Футболисты в начале игры осторожничали, предупреждали друг друга — мол, «щука зырит». Потом игра разгоралась, они начисто забывали и про бабку, и про всё на свете в необычайном футбольном азарте. Опять сыпались бабкины стёкла, и она, радостная и резвая, уже скачет по двору…
Сейчас бабка злорадствовала осторожно. Как бы чего не вышло — время военное. Но характер её был неисправим.

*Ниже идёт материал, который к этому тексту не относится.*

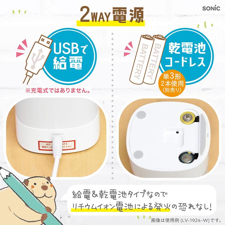 ■電源1:単三アルカリ乾電池(LR6)2本使用(別売)2:専用USBケーブル(DC 5V 2A)1、または2のどちらかを使用。

— Нешто вшех переловите. Шпионов энтих, што тараканов. Пошитай в каждой шели шидят, шдут швоего шпионшкого шашу…
— Какую шашу?
— Не шашу, а шашу. Шроку, бештолошь!
— Старая, а чем занимается, — плюнул дядя Лёша из девятой квартиры. Он недавно пришёл из госпиталя, ходил на костылях трудно, со слезами на глазах. В бомбоубежище почти не спускался.
— Полоумная Мурка времён покоренья Крыма, — съязвил недавний футболист. Это был Женька Лещёв из шестой квартиры. При неумелом тушении зажигательной бомбы ему страшно обожгло правую щёку, и он старался к говорившему повернуться левой стороной лица, он видел, что его изуродованная щека вызывает жалость, а это его злило и мешало нормальному разговору.
— Не ошкорбляй, шоколик нештатный. Я Дуня, а никакая не Мурка…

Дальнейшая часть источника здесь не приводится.